Thanks! About the free paint - what would be the point? Within 48 hours the paint would have been pooled and sold for less than the government paid in the first place. If the government wants the favelas painted, they’ll have to do it themselves (presumably in conjunction with the communities). I wouldn’t be surprised if they do exactly that ahead of the World Cup in a few of the more visible-to-tourists areas. I actually prefer them remaining highly visible eyesores from the luxury condos in Copacabana, Ipanema, and Lagoa, and all along the highway to the airport. It forces the rich to accept that the poor are among them, which means that “something” has to be done about them. With the PT governments (post-2002) being obsessed with outward appearances regarding human rights and social issues, and with clear pretenses of socialism, the poor are actually benefiting substantially, albeit not ideally.
I expect no big improvements from Olympics infrastructure. The metro system is being extended to Barra da Tijuca, which is will almost solely benefit the rich who avoid using it anyway (having your own car, the fancier the better, is an essential status symbol). The Rio airports are likely beyond salvation, to increase traffic capacity they’ll probably need to build another one - yet I’ve never even heard this being suggested as a possibility by even the most radical politicians. The road networks desperately need expansion and improvement, and that’s not happening or even planned AFAIK. There is an improvement in express bus lanes from the distant suburbs to the outskirts of Rio proper, but that’s independent of the Olympics and World Cup. I haven’t heard of any growth in hotel investment here - for Rio+20 they parked a cruise liner in Guanabara Bay and asked residents to take in visitors in their own homes if possible. And all of this is just Rio! The World Cup is even worse, as it’s going to be in 12 (?) state capitals - how in the world are they going to prepare Manaus, in the middle of the Amazon, for thousands of tourists all arriving on the same day?
Interesting observations…I have endured the ride (via the coastal road) from Sao Conrado to Ipanema-even in a M-B 500 it is an exercise in frustration. The favela “slums” are misleading-the interiors of these houses are often quite nice…now that they are safer, some residents are ven opening pousadas and small restaurants!
What do you think of the efforts to clean up Guanabara Bay? As late as the 1970’s, the water was clean enough for swimming at Isla Pataca and BotoFogo-I wouldn’t attempt that now! I expect that extending the metro to the airport will be met with much resistance-the cabs and busses do a big business transporting people to/from the a airport.
Yeah, I know what you mean. You can’t judge any house here from its exterior.
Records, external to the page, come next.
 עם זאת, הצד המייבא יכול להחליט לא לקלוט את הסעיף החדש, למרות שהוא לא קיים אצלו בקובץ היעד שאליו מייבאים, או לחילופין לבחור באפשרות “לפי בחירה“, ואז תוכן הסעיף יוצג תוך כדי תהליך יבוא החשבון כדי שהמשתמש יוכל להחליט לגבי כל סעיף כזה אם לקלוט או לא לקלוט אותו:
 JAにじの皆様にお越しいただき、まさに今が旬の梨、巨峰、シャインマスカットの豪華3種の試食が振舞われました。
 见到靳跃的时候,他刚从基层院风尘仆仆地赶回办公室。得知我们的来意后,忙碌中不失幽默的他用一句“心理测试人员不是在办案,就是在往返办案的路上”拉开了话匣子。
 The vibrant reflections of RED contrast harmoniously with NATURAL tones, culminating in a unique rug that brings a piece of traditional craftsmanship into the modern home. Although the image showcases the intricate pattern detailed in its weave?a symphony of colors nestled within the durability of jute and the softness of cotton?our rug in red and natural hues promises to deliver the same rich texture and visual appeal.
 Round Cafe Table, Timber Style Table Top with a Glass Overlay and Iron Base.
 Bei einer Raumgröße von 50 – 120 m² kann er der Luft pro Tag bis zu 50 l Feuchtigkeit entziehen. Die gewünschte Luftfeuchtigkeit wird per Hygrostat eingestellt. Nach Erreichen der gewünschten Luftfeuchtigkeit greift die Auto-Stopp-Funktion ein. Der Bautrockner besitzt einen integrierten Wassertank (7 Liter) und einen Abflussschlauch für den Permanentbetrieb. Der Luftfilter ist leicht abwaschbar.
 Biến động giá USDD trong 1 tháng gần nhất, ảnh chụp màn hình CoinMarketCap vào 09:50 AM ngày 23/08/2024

Efforts at cleaning up Guanabara Bay are good, but insufficient. There has been, is, and will continue to be the compromise between wanting clean water on the waterfront for all the people living here with the need for all the shipping traffic. Brazil is woefully lacking in port facilities - the biggest port in South America is actually in Montevideo, Uruguay - so the existing ports, of which Rio de Janeiro isn’t even a huge one, receive very heavy traffic. You can, in fact, swim at Paquetá island within the bay (though it’s not great, and didn’t swim when I visited), and Botafogo/Flamengo is clean enough that they do triathlons there. At the end of the day, I feel that the water cleanup efforts are as good as one could possibly expect for a city of this size and geography, and the environmental authorities are actually, relative to most industrialised countries even, very powerful. You just can’t expect miracles in an enclosed bay with a major port. I think the garbage tossed in the streets or on the beach by the average João Q. Público is a bigger issue - that and contamination of drinking water with all the over-the-counter medications that Brazilians self-medicate with.
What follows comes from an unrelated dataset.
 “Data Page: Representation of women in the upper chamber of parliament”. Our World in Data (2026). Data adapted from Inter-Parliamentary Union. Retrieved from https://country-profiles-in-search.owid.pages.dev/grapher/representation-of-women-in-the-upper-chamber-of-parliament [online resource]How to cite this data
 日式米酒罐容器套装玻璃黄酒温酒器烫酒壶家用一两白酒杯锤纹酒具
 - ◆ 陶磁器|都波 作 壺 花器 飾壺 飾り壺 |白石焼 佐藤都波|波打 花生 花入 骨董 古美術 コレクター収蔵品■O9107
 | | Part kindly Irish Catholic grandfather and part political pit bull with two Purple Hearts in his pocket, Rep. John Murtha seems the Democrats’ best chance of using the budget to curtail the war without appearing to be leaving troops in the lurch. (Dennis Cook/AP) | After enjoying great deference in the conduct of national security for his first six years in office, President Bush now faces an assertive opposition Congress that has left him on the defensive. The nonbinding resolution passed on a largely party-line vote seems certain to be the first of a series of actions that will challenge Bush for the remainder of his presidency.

Extending the metro to the airport is something I hear about occasionally as a rumour, which I just dismiss as fanciful. I’d be amazed if it happens in the near future, genuinely floored. I’ve seen no work going on and haven’t heard of any official go-ahead. The big recent development was an express bus system to connect the airport with Barra for Rio+20. Buses are nearly non-existent between the airport and the city (I have a running joke of referring to the Real Ônibus linking Copacabana with the airport as a Brazilian legend told to tourists for giggles, like the chupacabra), and the taxi mafia is pulling in money hand over fist. It just brings to mind the high-speed train link between Rio and São Paulo: it’s a great idea which they’ve been talking about for years - decades, I think - but nothing ever gets done.
In the states it’s been said that Brazil is making great strides towards energy independence by producing and using ethanol to fuel their vehicles. There is even a ad by Shell Oil Co touting their partnership in etinol production. Story goes the sugar cane is so plentiful there seems to be no other use for it. If the average person can’t buy a car that would seem to be just a bunch of self serving PR. What’s the local take on this?
I love Mate! You can only find it at Whole Foods (A hoity toity grocery store here in Memphis, Tennessee) I haven’t had any in about 2 years, but it is fantastic. I don’t think I could have any right now since I am pregnant.
Question…how have Native Brazilians rights improved, or have they improved, since the 1980s. I am always learning about the Amazonian native fight for rights and seeing video of them riding airplanes to the States and meeting with US and Brazilian dignitaries, but it all seems staged and that the natives really aren’t getting much out of the deal except being paraded in front of TV cameras for our entertainment. Is this an accurate impression or are they gaining ground in the fight to save their homes and land?
Self serving PR? That’s what the government does best, and the cornerstone of their foreign policy! Yeah, ethanol is mixed in all fuels here, the government sets a minimum percentage. I think they raised it again recently. There’s loads of sugar cane (also used for sugar and cachaça), but far too little refining capacity to actually produce ethanol in quantities for export. So the ethanol mixed in the fuels doesn’t actually make fuel any cheaper.
Similarly, Brazil hopes to be one of the world’s foremost oil-producing countries once they get their deepwater oil extraction going. Again, there’s next to no refinery capacity. There was supposed to be a huge cooperation on this front with Venezuela, with the countries splitting the costs 50/50 to build a refinery up north so that both countries can export refined fuels instead of crude oil. The refinery was finished recently IIRC, but I don’t think Venezuela ever got around to contributing a single centavo.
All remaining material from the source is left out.